Pada saat sebelum mengikuti PKDTM I, kami mengikuti beberapa rangkaian seleksi. Pertama, kami harus menjawab soal pre test. Lalu selanjutnya, tes wawancara dan yang terakhir adalah pengumuman lulus seleksi. Untuk dapat menjawab pre test, Aku membaca seluruh buku Kemuhammadiyahan yang membahas tentang IPM. Walaupun secara singkat, tapi setidaknya ada yang bisa Aku jelaskan bila ditanya tentang IPM. Alhamdulillah, setelah melewati beberapa tahapan. Aku berhasil lulus seleksi dan dapat mengikuti PKDTM I.

PKDTM I inilah, yang membuatku jatuh cinta pada pandangan pertama dengan IPM. Sebelum bisa seperti sekarang, Aku dulu adalah orang yang belum berani berbicara sebelum disuruh. Aku mempunyai tingkat pendiam paling tinggi saat itu. Bukan pendiam yang diam seperti emas, tapi terlebih seperti pendiam yang diam seperti karat. Bersyukur, saat Aku bertemu IPM. Melalui IPM semuanya mulai berubah. Sekarang Aku lebih percaya diri. 
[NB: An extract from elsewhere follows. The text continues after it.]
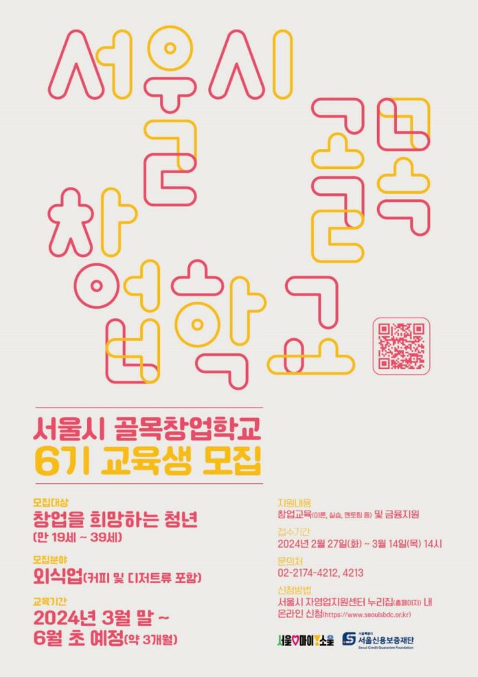 서울시가 골목 상권에 매력과 생기를 더할 청년 창업가 양성 프로그램인 ‘골목창업학교’ 6기 교육생 20명을 모집한다. 2021년 7월 문을 연 ‘서울시 골목창업학교’는 이론교육장과 전문 실습실을 완비한 외식‧식음료‧베이커리 분야 특화 실전형 창업 교육기관이다.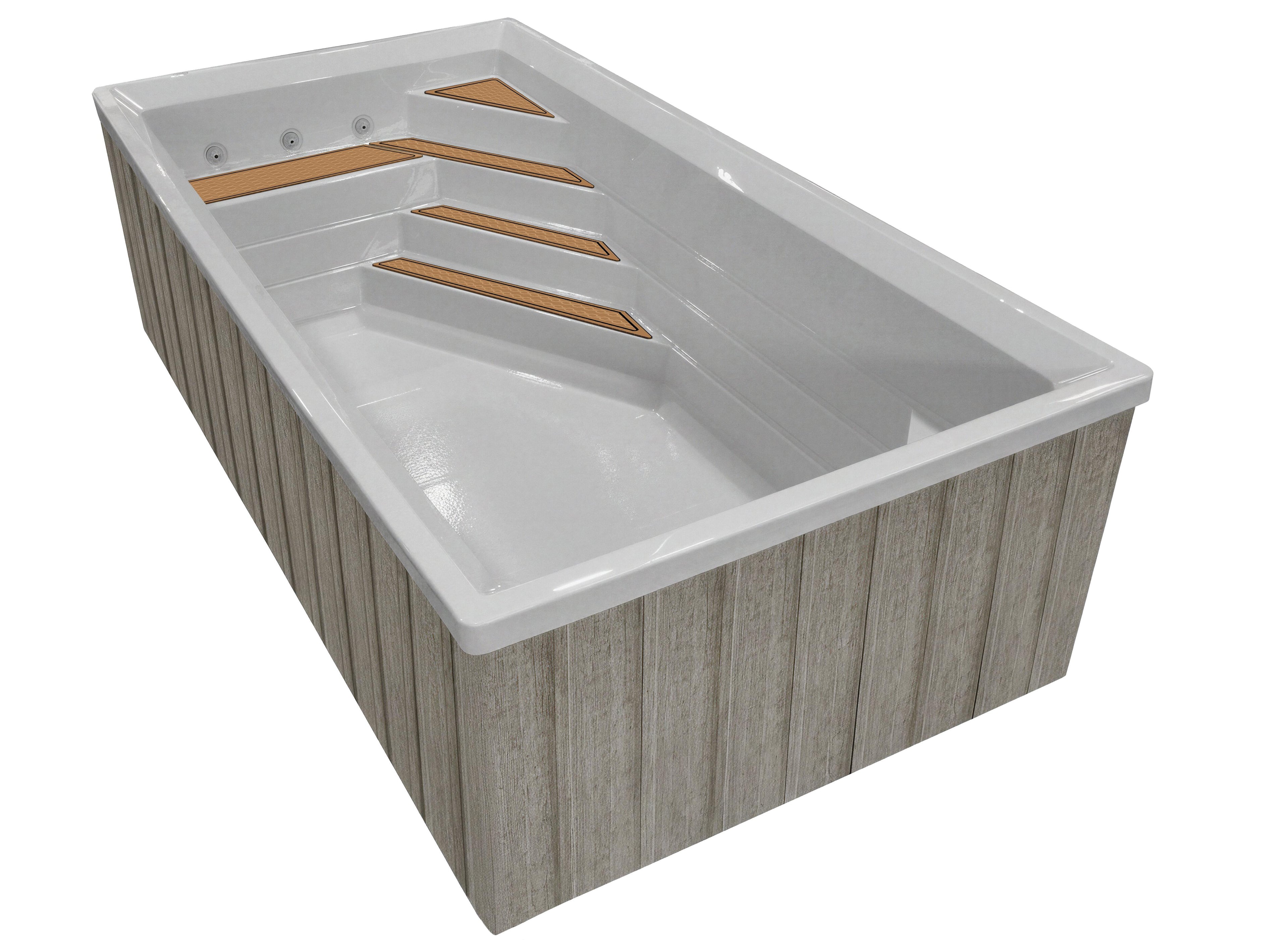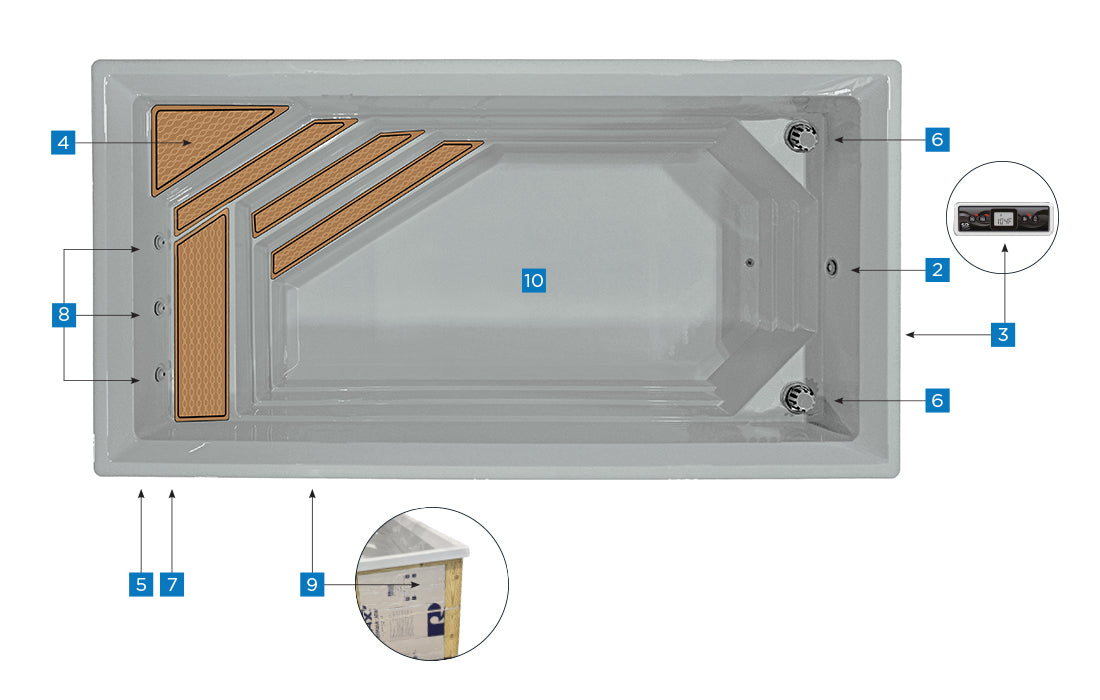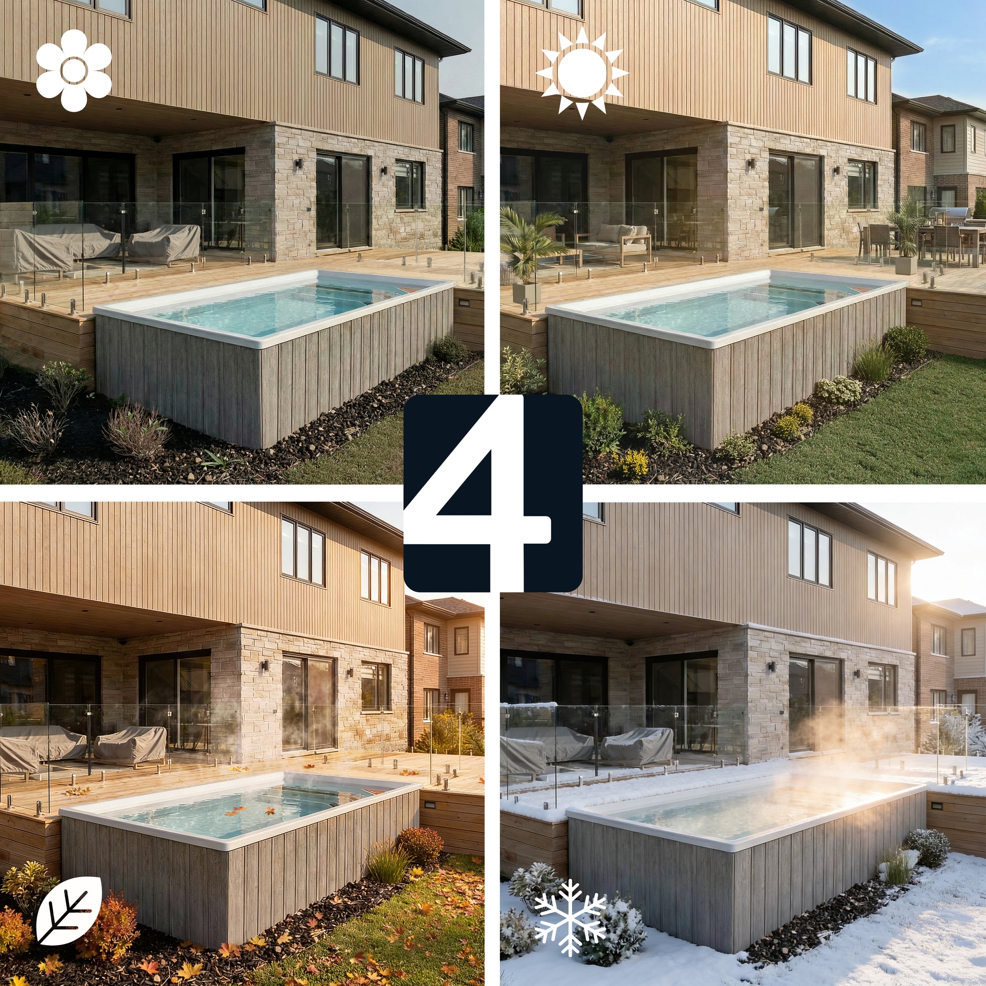 Conçue en acrylique et fibre de verre, la piscine Urbani4 intègre une isolation performante, incluant une chambre à air et l’isolation RMAX®, afin d’aider à conserver la chaleur et soutenir une utilisation quatre saisons. Les équipements, chauffe-eau électrique, filtration par cartouche et pompe à vitesse variable, sont soigneusement dissimulés sous la structure et bien isolés, pour un rendu propre et haut de gamme.

PKDTM I adalah pengalaman pertamaku di IPM dan merupakan momen terbaik dari yang terbaik. TM dimulai dengan taaruf atau perkenalan, saat itu hanya menggunakan perkenalan sederhana, kita disuruh untuk menyebutkan nama, TTL dan alamat. Tidak hanya perkenalan, pada sesi taaruf  kita ditunjuk untuk duduk berkelompok. Satu kelompok terdiri dari 4 orang. Pada saat itu, Aku dikelompokkan dengan Muhammad Rayyan, Muhammad Habibie, dan Salma Hayati.  Setelah taaruf, ada yang namanya kontrak belajar. Dimana pada saat itu, kita disuruh untuk membuat peraturan untuk kegiatan tersebut, tentunya dengan kesepakatan bersama. Aku bersama teman kelompokku berdiskusi tentang beberapa opsi yang ingin kami ajukan. Setelah menimbang, kami pun merasa opsi kami patut untuk diajukan. Kala itu, kami mengajukan sebuah peraturan yang berbunyi Laki-laki dan perempuan yang bukan mahram, tidak boleh berdua-duaan dimana pun. Hahaha, itulah opsi yang kuingat. Saat yang bersamaan, seluruh peserta TM menyetujui opsi yang telah kami ajukan.

Setelah melakukan kontrak belajar, masing-masing dari kami diberi satu buah kalung id card beserta 5 sedotan yang telah dipotong menjadi kecil. Saat yang bersamaan pula, MOT atau Master of Training, orang yang memegang kendali kegiatan. Al Bawi namanya, ka Bawi Aku memanggilnya. Memberi tahu kami tentang apa fungsi sebenarnya kelima sedotan itu, Mirip seperti game, sedotan ini dijadikan sebagai nyawa kalian. Jika nyawa kalian habis, maka diakhir kegiatan akan ada hadiah yang menunggu, ujarnya pada kami. 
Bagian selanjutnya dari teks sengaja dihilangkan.